**WORK TO COMPLETE**
Repeat only the lines below that run from the line with "Sjekk disse supersøte, limited" to the line with "Location! Location! Location!", ends included; skip every picture.

DATA EXCERPTS Block Start

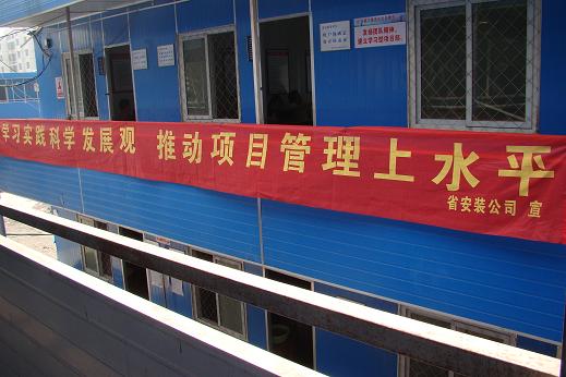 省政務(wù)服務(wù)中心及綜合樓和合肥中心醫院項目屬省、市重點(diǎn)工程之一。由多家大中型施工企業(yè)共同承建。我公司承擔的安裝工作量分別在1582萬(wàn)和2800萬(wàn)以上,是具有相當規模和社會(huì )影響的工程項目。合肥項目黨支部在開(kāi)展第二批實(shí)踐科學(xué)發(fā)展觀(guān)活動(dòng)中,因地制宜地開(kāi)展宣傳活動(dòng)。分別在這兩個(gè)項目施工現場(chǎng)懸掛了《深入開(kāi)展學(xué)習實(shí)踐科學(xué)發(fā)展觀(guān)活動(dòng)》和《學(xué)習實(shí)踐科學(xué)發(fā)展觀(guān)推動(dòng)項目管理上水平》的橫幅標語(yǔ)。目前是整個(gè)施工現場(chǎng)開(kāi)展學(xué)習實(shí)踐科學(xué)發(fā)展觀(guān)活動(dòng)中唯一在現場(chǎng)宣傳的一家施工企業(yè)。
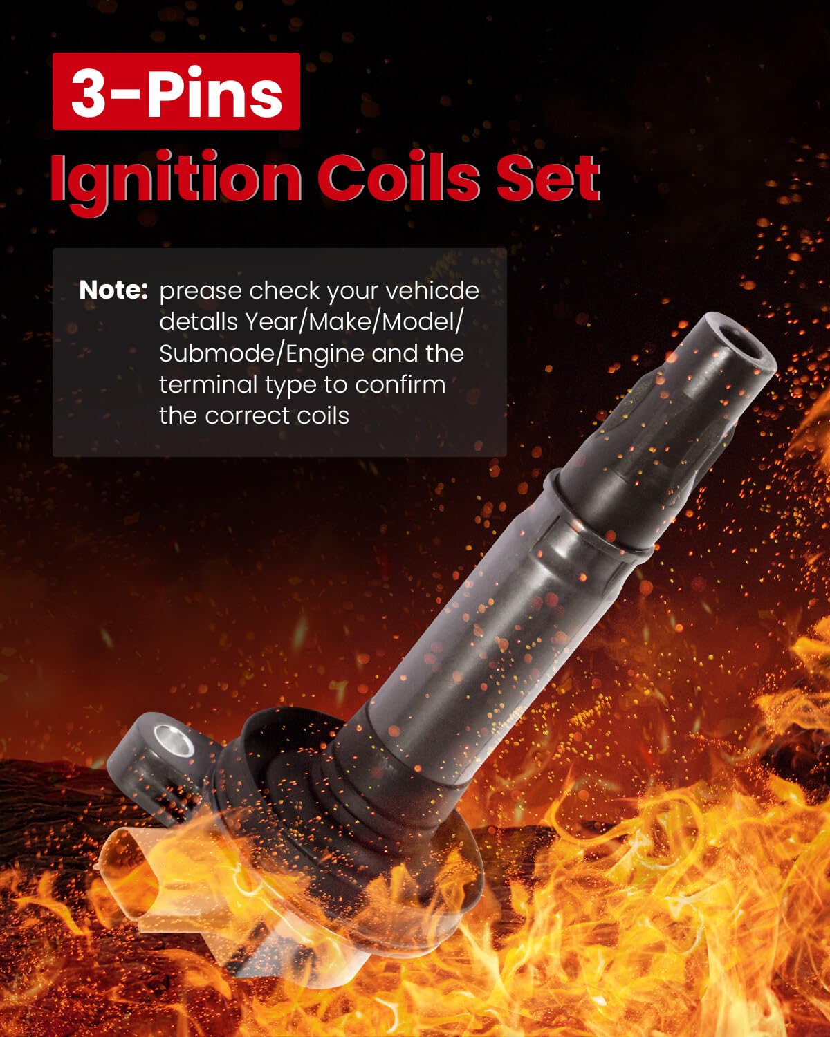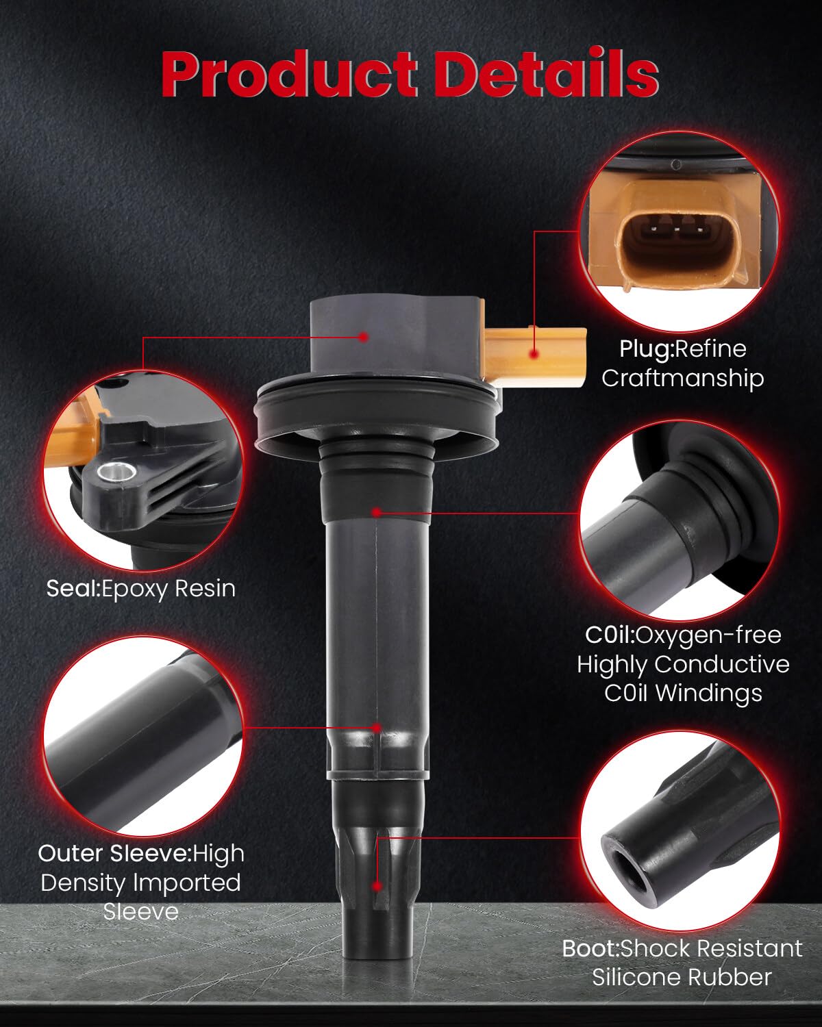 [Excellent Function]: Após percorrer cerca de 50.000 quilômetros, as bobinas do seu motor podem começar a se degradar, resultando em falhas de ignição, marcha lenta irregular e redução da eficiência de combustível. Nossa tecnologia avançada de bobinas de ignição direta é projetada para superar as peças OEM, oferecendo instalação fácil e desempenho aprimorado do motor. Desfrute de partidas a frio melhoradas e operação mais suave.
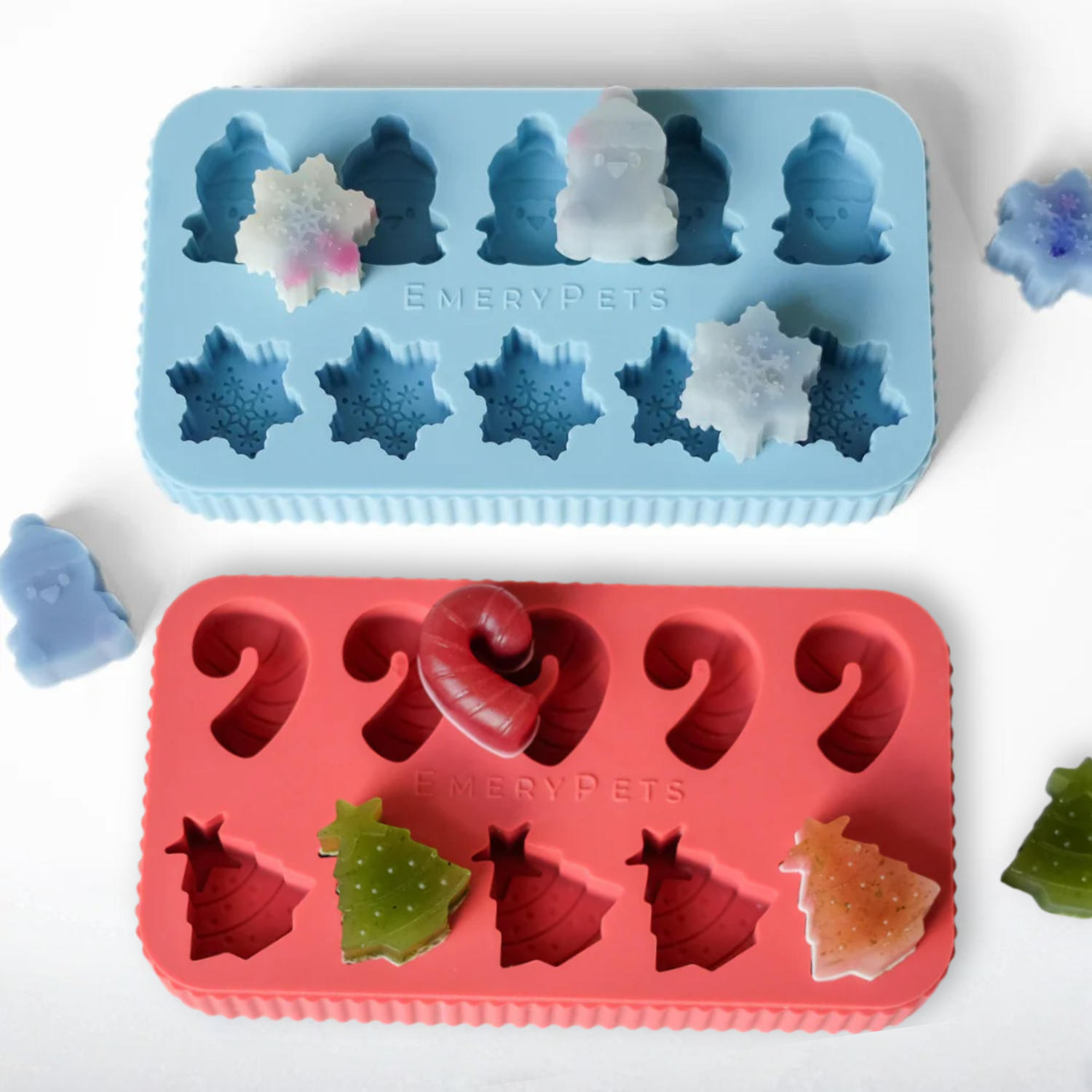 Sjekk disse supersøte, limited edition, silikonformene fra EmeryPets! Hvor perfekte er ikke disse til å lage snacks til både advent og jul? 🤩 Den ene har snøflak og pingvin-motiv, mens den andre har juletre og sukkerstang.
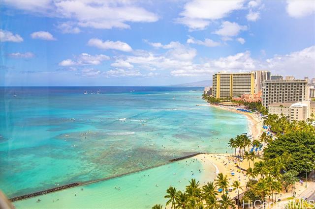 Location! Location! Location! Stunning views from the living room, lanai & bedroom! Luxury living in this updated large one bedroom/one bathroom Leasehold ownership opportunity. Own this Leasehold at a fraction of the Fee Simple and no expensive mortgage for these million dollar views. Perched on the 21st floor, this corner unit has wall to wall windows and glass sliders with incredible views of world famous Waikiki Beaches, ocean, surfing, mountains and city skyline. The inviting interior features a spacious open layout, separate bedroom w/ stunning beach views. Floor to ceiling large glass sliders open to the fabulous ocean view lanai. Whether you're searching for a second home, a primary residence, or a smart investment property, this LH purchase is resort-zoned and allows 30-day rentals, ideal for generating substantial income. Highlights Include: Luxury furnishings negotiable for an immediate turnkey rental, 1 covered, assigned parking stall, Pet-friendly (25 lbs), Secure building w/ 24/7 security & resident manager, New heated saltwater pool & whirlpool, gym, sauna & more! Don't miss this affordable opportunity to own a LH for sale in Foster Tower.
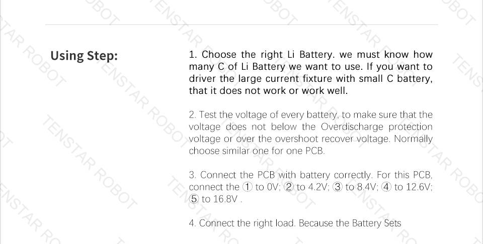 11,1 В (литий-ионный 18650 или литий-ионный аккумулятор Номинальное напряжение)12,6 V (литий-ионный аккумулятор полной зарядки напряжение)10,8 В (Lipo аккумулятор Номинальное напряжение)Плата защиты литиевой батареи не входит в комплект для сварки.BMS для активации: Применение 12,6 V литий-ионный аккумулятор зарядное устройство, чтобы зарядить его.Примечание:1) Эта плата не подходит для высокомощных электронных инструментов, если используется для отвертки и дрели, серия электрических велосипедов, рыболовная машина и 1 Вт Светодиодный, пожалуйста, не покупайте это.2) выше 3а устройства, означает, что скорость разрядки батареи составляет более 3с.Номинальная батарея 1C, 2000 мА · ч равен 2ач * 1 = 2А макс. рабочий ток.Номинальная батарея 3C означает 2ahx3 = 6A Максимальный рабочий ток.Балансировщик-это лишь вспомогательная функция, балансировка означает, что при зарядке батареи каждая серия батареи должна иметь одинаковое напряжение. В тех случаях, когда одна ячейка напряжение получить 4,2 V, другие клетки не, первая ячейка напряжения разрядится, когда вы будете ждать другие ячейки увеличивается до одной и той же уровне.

DATA EXCERPTS Block End

**RESPONSE TO THE TASK**
 Sjekk disse supersøte, limited edition, silikonformene fra EmeryPets! Hvor perfekte er ikke disse til å lage snacks til både advent og jul? 🤩 Den ene har snøflak og pingvin-motiv, mens den andre har juletre og sukkerstang.
 Location! Location! Location! Stunning views from the living room, lanai & bedroom! Luxury living in this updated large one bedroom/one bathroom Leasehold ownership opportunity. Own this Leasehold at a fraction of the Fee Simple and no expensive mortgage for these million dollar views. Perched on the 21st floor, this corner unit has wall to wall windows and glass sliders with incredible views of world famous Waikiki Beaches, ocean, surfing, mountains and city skyline. The inviting interior features a spacious open layout, separate bedroom w/ stunning beach views. Floor to ceiling large glass sliders open to the fabulous ocean view lanai. Whether you're searching for a second home, a primary residence, or a smart investment property, this LH purchase is resort-zoned and allows 30-day rentals, ideal for generating substantial income. Highlights Include: Luxury furnishings negotiable for an immediate turnkey rental, 1 covered, assigned parking stall, Pet-friendly (25 lbs), Secure building w/ 24/7 security & resident manager, New heated saltwater pool & whirlpool, gym, sauna & more! Don't miss this affordable opportunity to own a LH for sale in Foster Tower.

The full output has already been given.